• **THE DATA**:
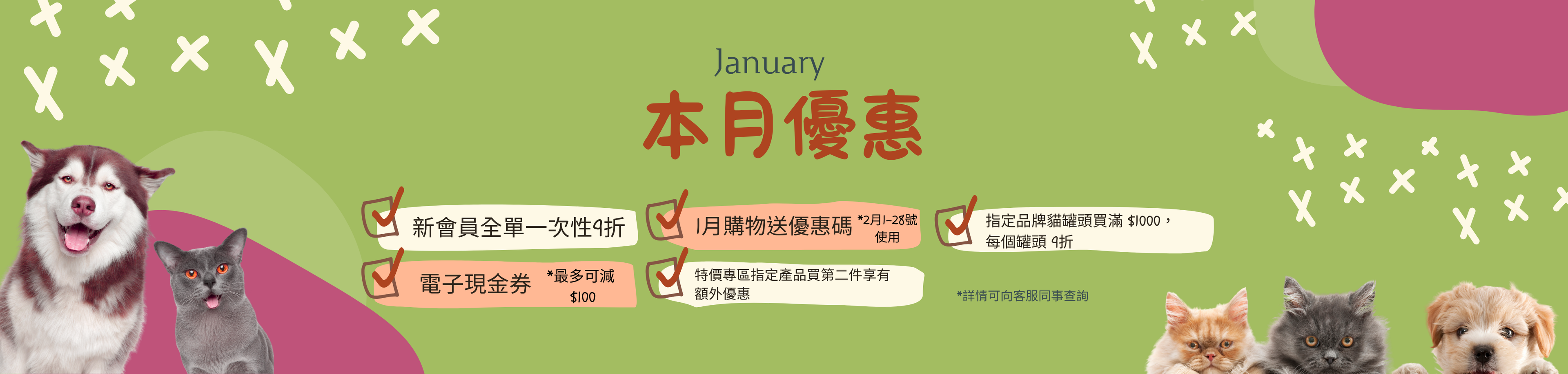 我們寵物用品店有4個會員優惠:
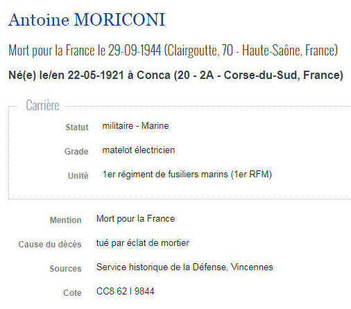 Né le 22 mai 1921 à CONCA (Corse du sud) - Décédé le 29 septembre
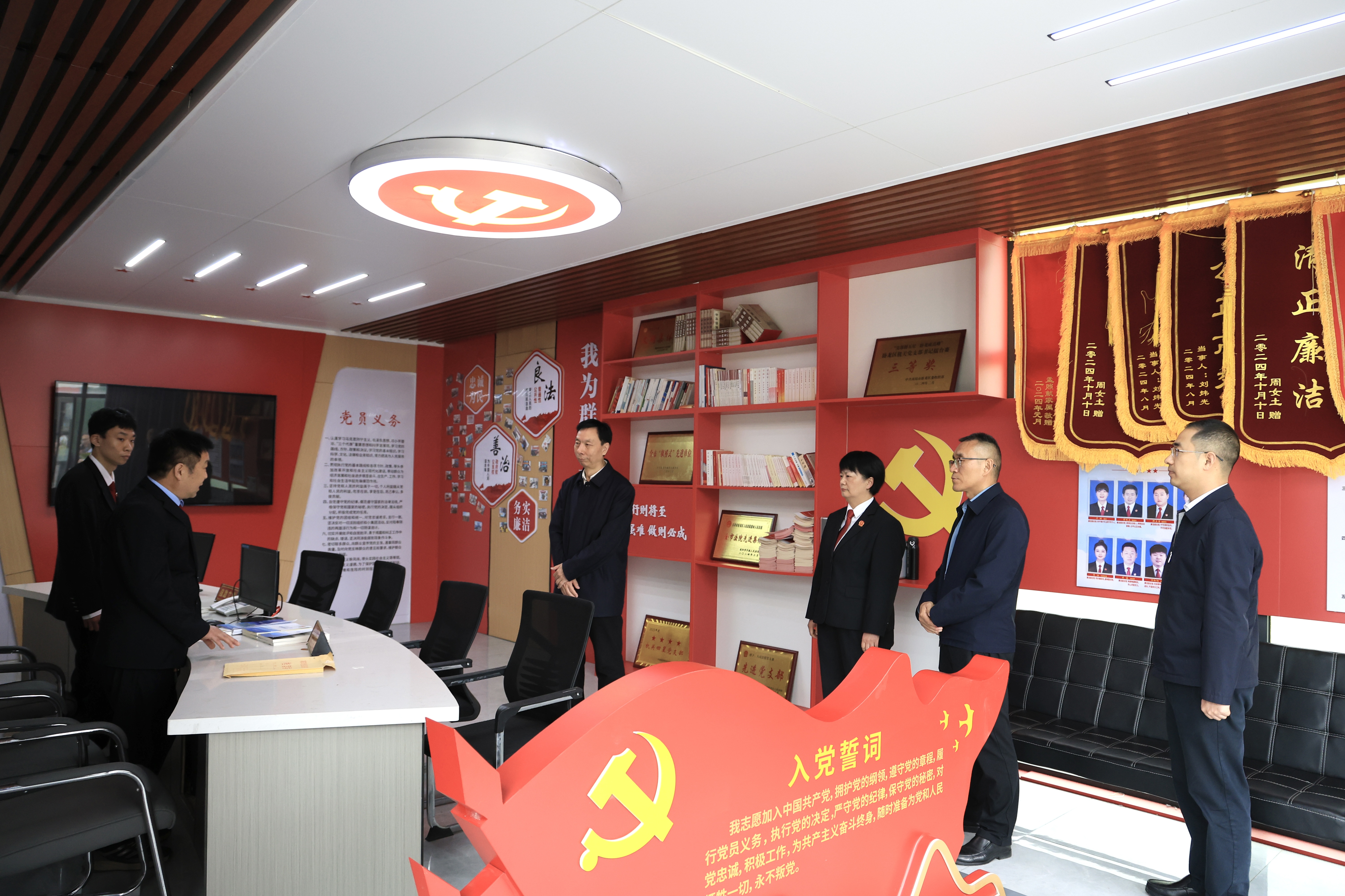 在蒲山法庭,调研组一行实地察看了法庭法治长廊、服务大厅、调解室、审判法庭等办公办案场所,详细询问了辖区经济发展、企业分布及各类纠纷数量等情况,听取了法庭关于基础建设、文化建设、人员配置、审判质效等方面工作的汇报。李志增副院长对法庭工作给予充分肯定,并强调,做好法庭工作是法院工作的基础,要紧紧围绕省法院“夯实基、务实功、出实绩”工作主线,聚焦“一庭一策”差异化发展路径,纵深推进人民法庭标准化、规范化、专业化建设。他指出,法庭不仅要办好案件,更应主动延伸司法职能,通过深入镇村巡回审判、定期与地方党委沟通反馈等方式积极融入基层治理大格局,推动人民法庭建设与基层高效能治理体系有效衔接,切实维护好当事人合法权益。
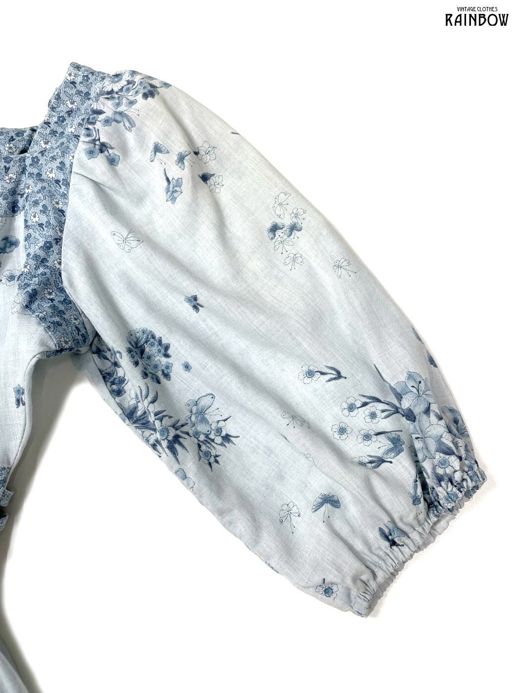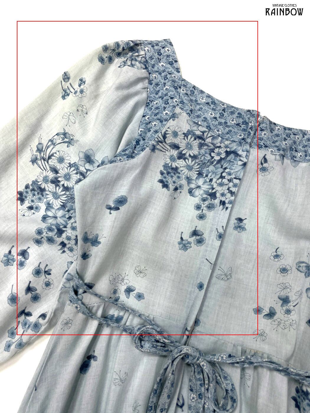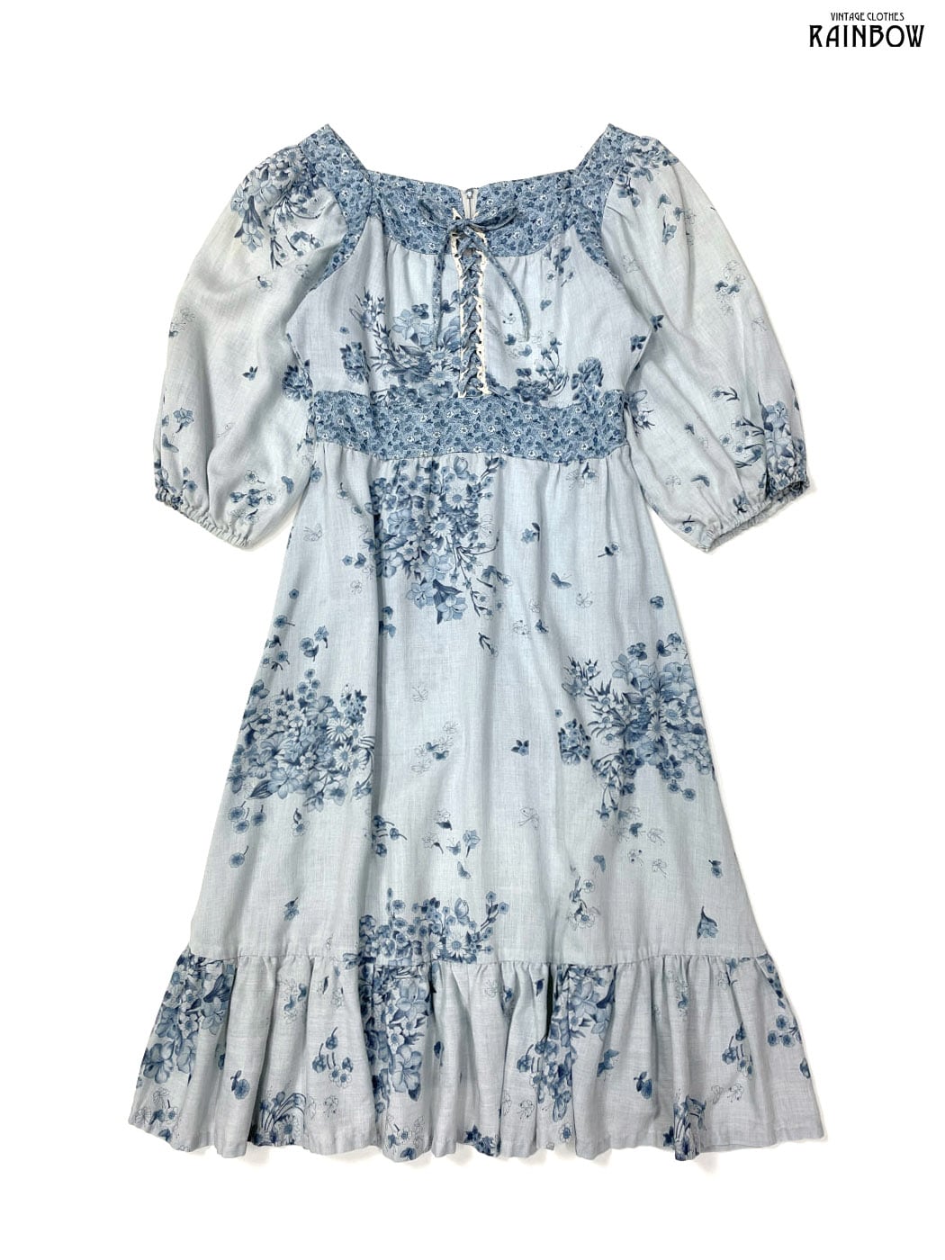 #ワンピース #ハーフスリーブ #ロング丈 #ウエスト切り替え #青 #水色 #花柄 #リボン #ガーリー #コットン #半袖花柄ワンピース
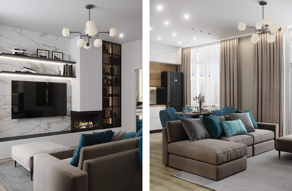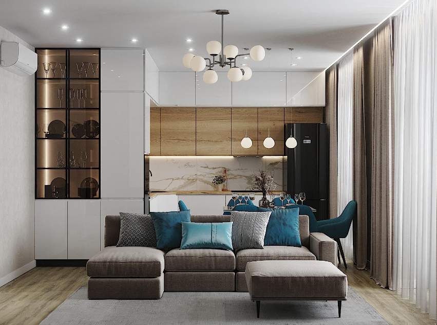 Гостиная, являющаяся центральным помещением квартиры, сразу привлекает внимание — она просторная и светлая. Большие панорамные окна позволяют проникать внутрь дневному свету. В качестве акцентного цвета выбран насыщенный бирюзовый, который отлично сочетается с основной цветовой гаммой. Кухонный гарнитур оборудован необходимой бытовой техникой.
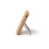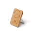 A 5000 mAh power bank with a bamboo body. A foldable vertical stand made from recycled aluminum. The power bank comes with a magnetic wireless charger for devices compatible with this technology.
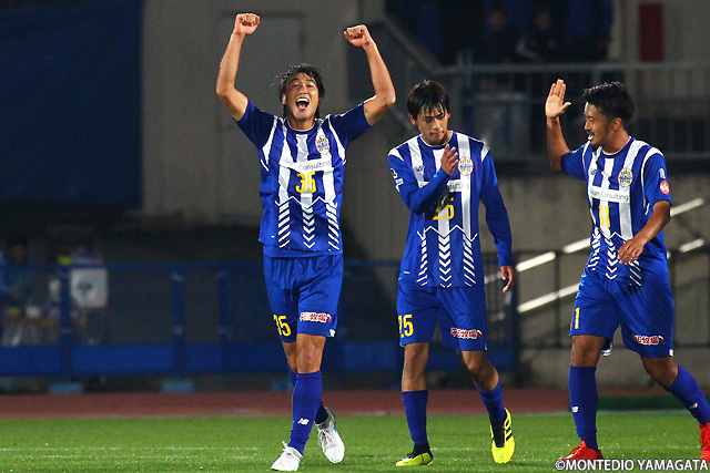 8分間という長いロスタイムの中、川崎フロンターレも最後の最後まで諦めずにゴールを目指して戦います。コーナーキックではゴールキーパーまで最前線に上げますが、ここもモンテディオ山形の選手全員が高い集中力をもってゴールを与えずタイムアップ。3-2のスコアで4年ぶりのベスト4進出を決めました。
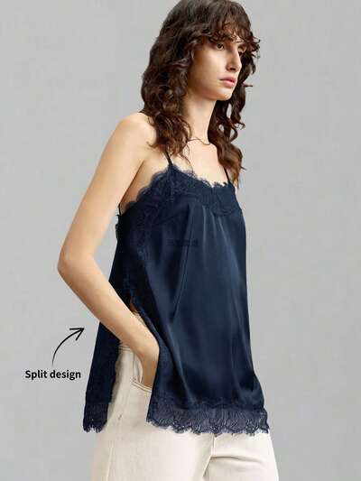Women's Burgundy Satin Satin Fabric Comfortable Soft Lace Trim Spaghetti Strap Side Slit Design Camisole Top, Suitable For Urban Commute, Business Casual, Elegant Attire For Dates, Weddings, Parties, And Vacations

• **WHAT TO DO**:
Starting at the line that contains "Né le 22 mai" and ending at the final line of the data, reproduce each line exactly. Pictures stay out of the copy.

• **ANSWER TO THE PROBLEM**:
 Né le 22 mai 1921 à CONCA (Corse du sud) - Décédé le 29 septembre
 在蒲山法庭,调研组一行实地察看了法庭法治长廊、服务大厅、调解室、审判法庭等办公办案场所,详细询问了辖区经济发展、企业分布及各类纠纷数量等情况,听取了法庭关于基础建设、文化建设、人员配置、审判质效等方面工作的汇报。李志增副院长对法庭工作给予充分肯定,并强调,做好法庭工作是法院工作的基础,要紧紧围绕省法院“夯实基、务实功、出实绩”工作主线,聚焦“一庭一策”差异化发展路径,纵深推进人民法庭标准化、规范化、专业化建设。他指出,法庭不仅要办好案件,更应主动延伸司法职能,通过深入镇村巡回审判、定期与地方党委沟通反馈等方式积极融入基层治理大格局,推动人民法庭建设与基层高效能治理体系有效衔接,切实维护好当事人合法权益。
 #ワンピース #ハーフスリーブ #ロング丈 #ウエスト切り替え #青 #水色 #花柄 #リボン #ガーリー #コットン #半袖花柄ワンピース
 Гостиная, являющаяся центральным помещением квартиры, сразу привлекает внимание — она просторная и светлая. Большие панорамные окна позволяют проникать внутрь дневному свету. В качестве акцентного цвета выбран насыщенный бирюзовый, который отлично сочетается с основной цветовой гаммой. Кухонный гарнитур оборудован необходимой бытовой техникой.
 A 5000 mAh power bank with a bamboo body. A foldable vertical stand made from recycled aluminum. The power bank comes with a magnetic wireless charger for devices compatible with this technology.
 8分間という長いロスタイムの中、川崎フロンターレも最後の最後まで諦めずにゴールを目指して戦います。コーナーキックではゴールキーパーまで最前線に上げますが、ここもモンテディオ山形の選手全員が高い集中力をもってゴールを与えずタイムアップ。3-2のスコアで4年ぶりのベスト4進出を決めました。
Women's Burgundy Satin Satin Fabric Comfortable Soft Lace Trim Spaghetti Strap Side Slit Design Camisole Top, Suitable For Urban Commute, Business Casual, Elegant Attire For Dates, Weddings, Parties, And Vacations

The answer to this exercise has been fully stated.